Dopo aver ottenuto un
finanziamento di 300 milioni di euro dal colosso energetico
brasiliano Raízen, l’agenzia italiana per la promozione
dell’export, Sace, si prepara a lanciare un progetto per
favorire la transizione energetica in Brasile. L’iniziativa sarà
sviluppata nell’ambito del programma Green Push in cui Sace
assicura contributi – concessi da un gruppo di banche guidate da
BNP Paribas – a diversi attori brasiliani.

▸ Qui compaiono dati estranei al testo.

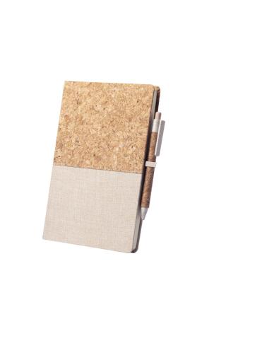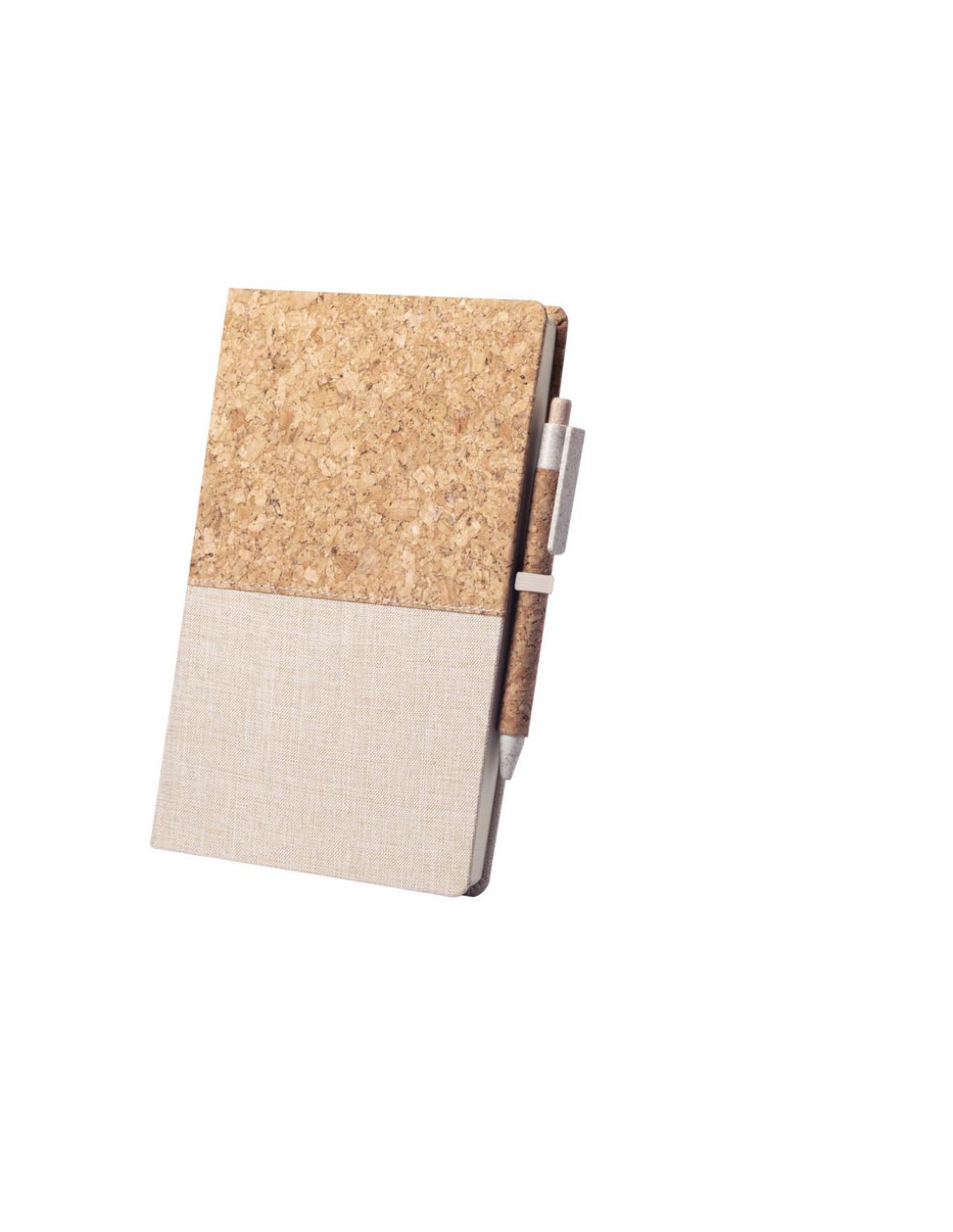 Set de bloc de notas y bolígrafo en línea nature. Incluye bloc de notas con tapas rígidas en corcho natural y algodón, con soporte para bolígrafo y 80 hojas lisas. Bolígrafo de mecanismo pulsador, con cuerpo en corcho natural y accesorios en caña de trigo, para así fomentar la utilización de materias primas naturales y reducir las emisiones contaminantes. Tinta negra.

I beneficiari si impegnano a loro volta a sviluppare rapporti
commerciali con il mercato italiano, acquistando prodotti e
tecnologie dalla filiera del Paese, soprattutto dalle piccole e
medie imprese. Il progetto sarà presentato il 6 dicembre, a San
Paolo, alla presenza della Chief Executive Officer di Sace,
Alessandra Ricci.
“Sarà un evento per presentare al mercato finanziario e alle
aziende nostre clienti o potenziali le prospettive di questo
progetto in cui Sace fornisce la garanzia affinché le banche
internazionali attivino i finanziamenti”, ha detto in un evento
preparatorio a San Paolo la responsabile Americhe di Sace,
Pauline Sebok. Presente all’evento, il console generale d’Italia
a San Paolo Domenico Fornara ha celebrato l’iniziativa
evidenziando che “c’è molta collaborazione tra Italia e Brasile,
e si trasformerà in crescita”. Dal canto suo, il presidente
della Camera di Commercio Italiana di San Paolo (Italcam) e di
Eurocamere, Graziano Messana, ha sottolineato che “il Brasile è
complesso, ma qui è possibile avere successo”.